The National Park System has 63 national parks plus hundreds of national monuments, recreation areas, seashores, and historic sites. The permit chaos applies to maybe 10–15 of them. The rest are accessible and often spectacular:
- Great Basin National Park — Nevada One of the least-visited national parks in the contiguous US, despite having ancient bristlecone pine forests, dramatic cave systems, and 13,000+ foot Wheeler Peak. No reservations required. You will often have trails to yourself.
- Guadalupe Mountains National Park — Texas The highest peak in Texas, fossil reef geology, and virtually no crowds. Adjacent to Carlsbad Caverns National Park for a two-park trip.
- Isle Royale National Park — Michigan An island park in Lake Superior accessible only by ferry or floatplane. This natural barrier has kept visitation low by design.
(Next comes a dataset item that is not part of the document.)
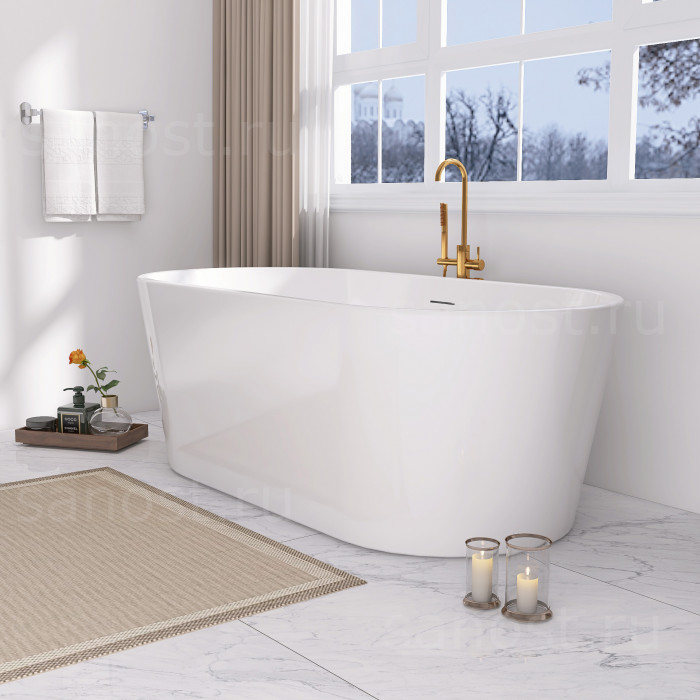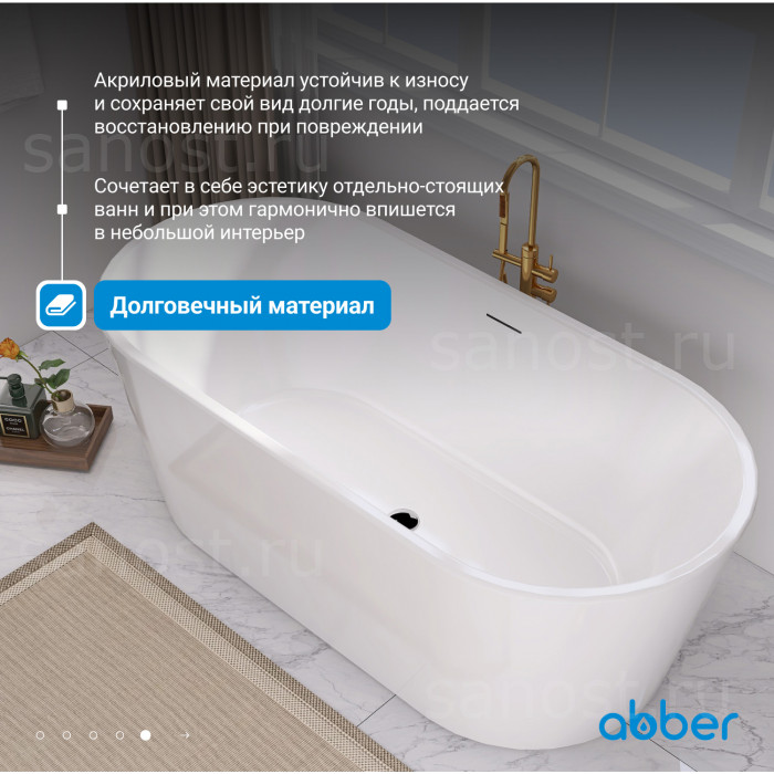 Акриловая ванна ABBER AB9209 белая универсальная отдельностоящая, материал акрил, объём 200 литров. Германия. Гарантия 10 лет.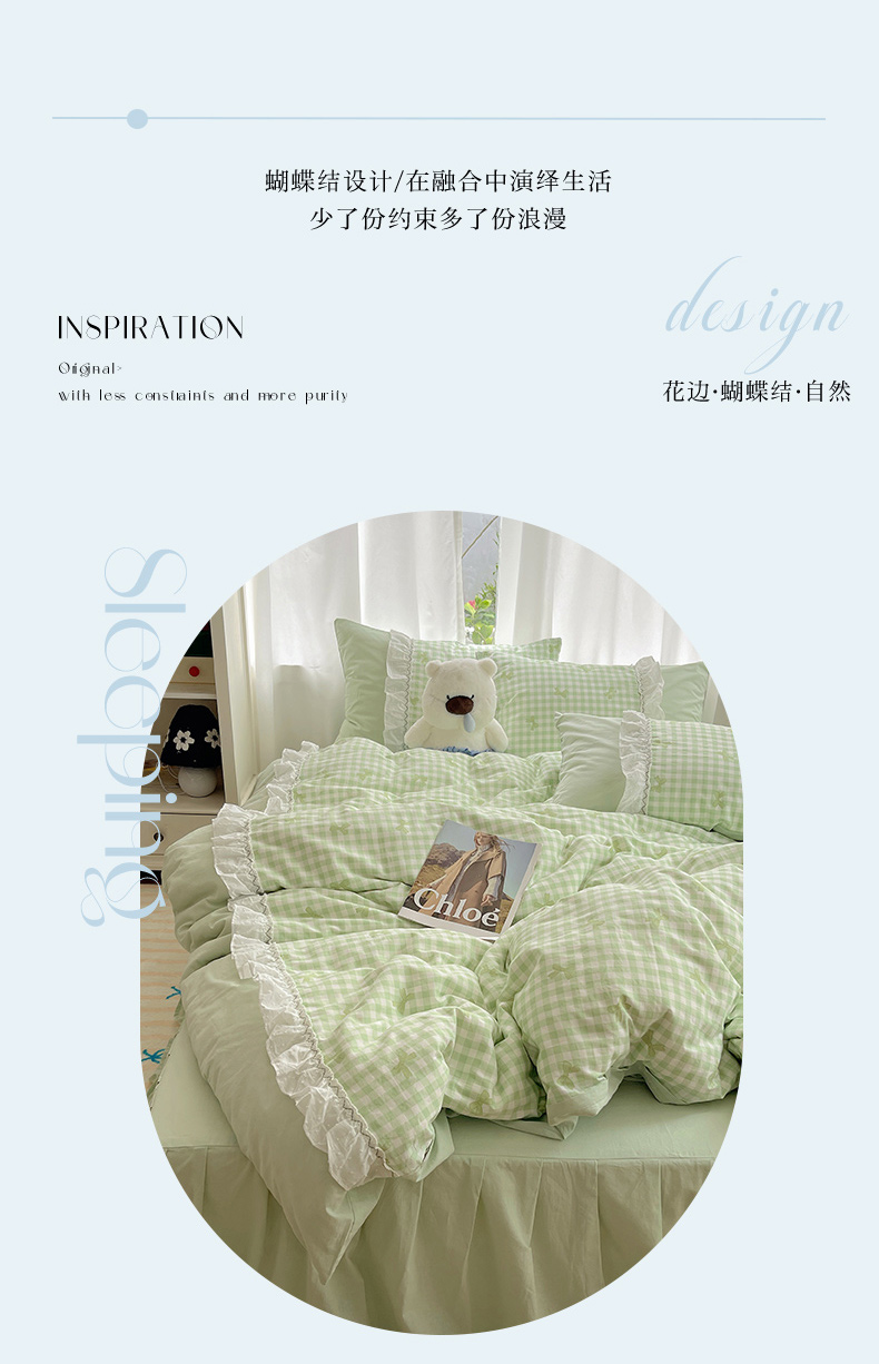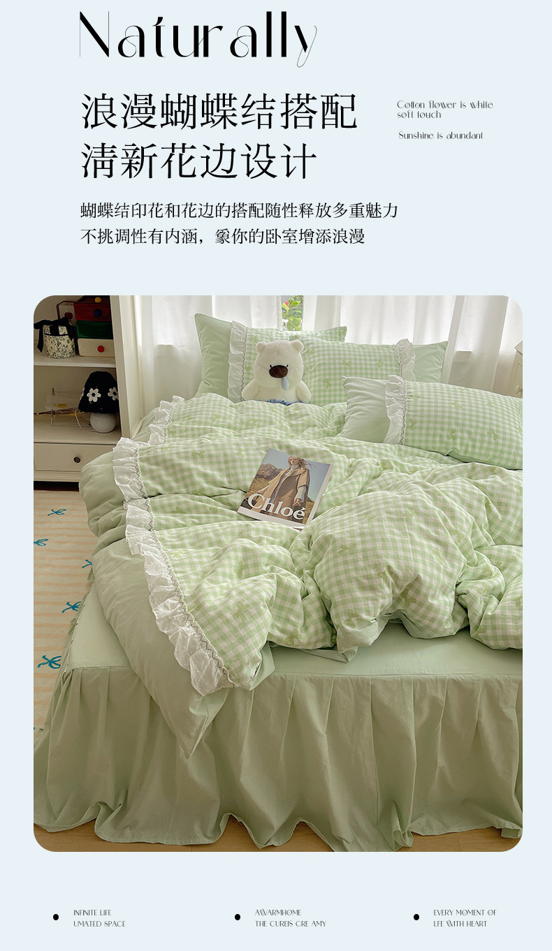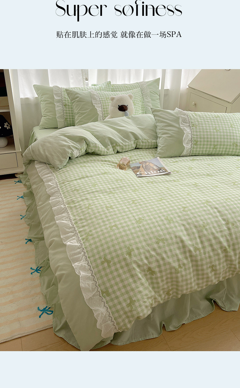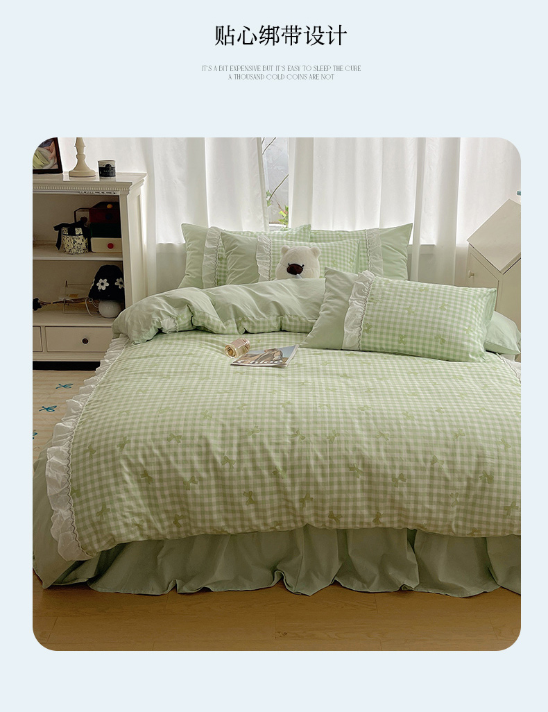 商品名称:瑞莱 2025冬季新款13372舞动花边全棉四件套系列 绿格蝴蝶结

Backpacking and canoeing in pristine wilderness with no roads. About 25,000 visitors per year vs. Zion’s 5 million+.
- Theodore Roosevelt National Park — North Dakota Badlands landscape, wild horses, bison, and almost no one. Genuinely magnificent and completely walk-up accessible.
- Congaree National Park — South Carolina Old-growth bottomland forest with towering trees — the highest temperate deciduous forest canopy in North America. 95,000 acres, 26,000 annual visitors. No permits, no crowds.
What Needs to Change (And Why It Probably Won’t)

The deeper problem is structural: the parks are underfunded relative to their visitation, the NPS has a $22 billion deferred maintenance backlog, staffing is chronically short, and the reservation system is a band-aid on an infrastructure problem that requires real investment to solve.
Congressional funding for the NPS has been politically contentious for decades. The GREAT Act (designating a portion of federal energy revenues to parks) has been proposed in various forms but hasn’t delivered consistent, large-scale funding. The bipartisan Great American Outdoors Act (2020) provided $9.5 billion over five years for deferred maintenance — a genuine step forward, but not a solution at scale.
The reservation system is unlikely to be dismantled because it does actually control crowding, which protects the parks themselves. The reforms most advocates push for:
- Lottery systems instead of first-come-first-served, which disadvantage those without fast internet connections and flexible work schedules.
- Prioritization windows for locals, regional visitors, and underserved communities before the general lottery opens.
- Consistent morning-of permit releases that give spontaneous visitors a genuine shot.
- Investment in transit infrastructure so that more visitors can leave cars outside the parks.
Until the funding and political will align, the workarounds above are your best tools. Learn them. The parks are worth the effort — and the less-visited alternatives often provide a better experience than the crowded icons anyway.